TASK REQUIREMENTS
Among the entries that follow, locate the line with "To detect the" and the line with "একপর্যায়ে সড়কে ‘শহীদ". Output those lines and all lines in between, exactly, minus the pictures.

SUPPLIED DATA

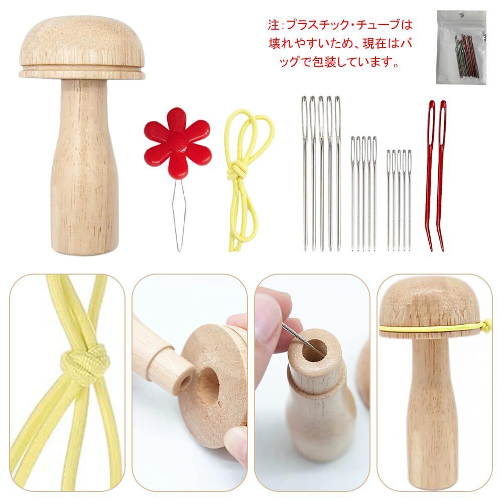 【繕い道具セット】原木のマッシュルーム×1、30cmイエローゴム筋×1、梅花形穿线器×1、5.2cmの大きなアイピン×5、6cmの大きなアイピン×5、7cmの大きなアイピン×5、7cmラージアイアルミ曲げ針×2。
...
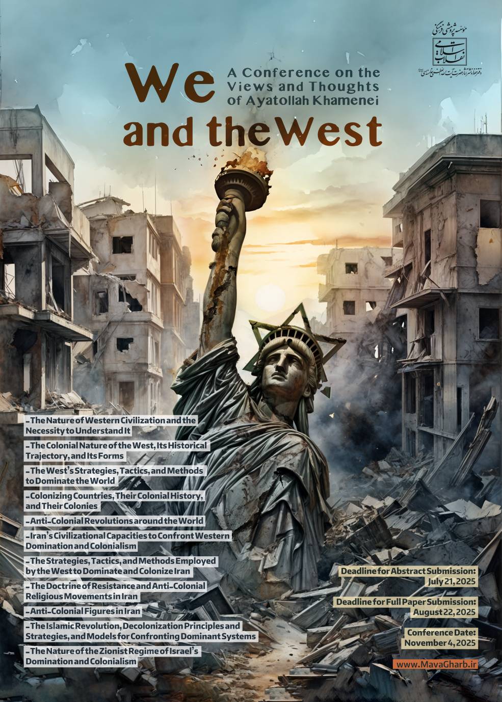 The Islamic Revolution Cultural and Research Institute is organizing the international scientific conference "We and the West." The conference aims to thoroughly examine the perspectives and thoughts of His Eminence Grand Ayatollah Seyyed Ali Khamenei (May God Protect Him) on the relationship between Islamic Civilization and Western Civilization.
* * *
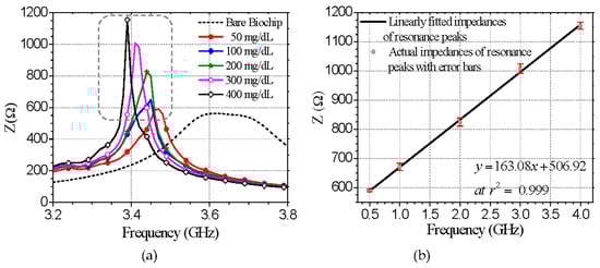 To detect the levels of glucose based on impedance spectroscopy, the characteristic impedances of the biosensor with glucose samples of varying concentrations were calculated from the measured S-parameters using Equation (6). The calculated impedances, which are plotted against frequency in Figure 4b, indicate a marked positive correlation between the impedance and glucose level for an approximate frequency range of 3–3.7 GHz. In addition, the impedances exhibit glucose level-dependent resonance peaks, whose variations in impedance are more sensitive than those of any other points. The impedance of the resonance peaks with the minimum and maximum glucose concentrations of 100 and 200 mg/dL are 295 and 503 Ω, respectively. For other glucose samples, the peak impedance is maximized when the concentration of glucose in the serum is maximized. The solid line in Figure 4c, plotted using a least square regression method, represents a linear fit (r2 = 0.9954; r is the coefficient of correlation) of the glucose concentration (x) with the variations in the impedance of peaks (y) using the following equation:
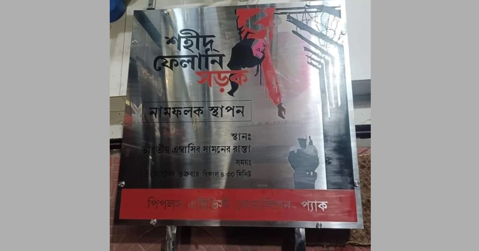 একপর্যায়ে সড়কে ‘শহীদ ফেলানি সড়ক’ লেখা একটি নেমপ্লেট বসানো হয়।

SOLVED EXERCISE
 To detect the levels of glucose based on impedance spectroscopy, the characteristic impedances of the biosensor with glucose samples of varying concentrations were calculated from the measured S-parameters using Equation (6). The calculated impedances, which are plotted against frequency in Figure 4b, indicate a marked positive correlation between the impedance and glucose level for an approximate frequency range of 3–3.7 GHz. In addition, the impedances exhibit glucose level-dependent resonance peaks, whose variations in impedance are more sensitive than those of any other points. The impedance of the resonance peaks with the minimum and maximum glucose concentrations of 100 and 200 mg/dL are 295 and 503 Ω, respectively. For other glucose samples, the peak impedance is maximized when the concentration of glucose in the serum is maximized. The solid line in Figure 4c, plotted using a least square regression method, represents a linear fit (r2 = 0.9954; r is the coefficient of correlation) of the glucose concentration (x) with the variations in the impedance of peaks (y) using the following equation:
 একপর্যায়ে সড়কে ‘শহীদ ফেলানি সড়ক’ লেখা একটি নেমপ্লেট বসানো হয়।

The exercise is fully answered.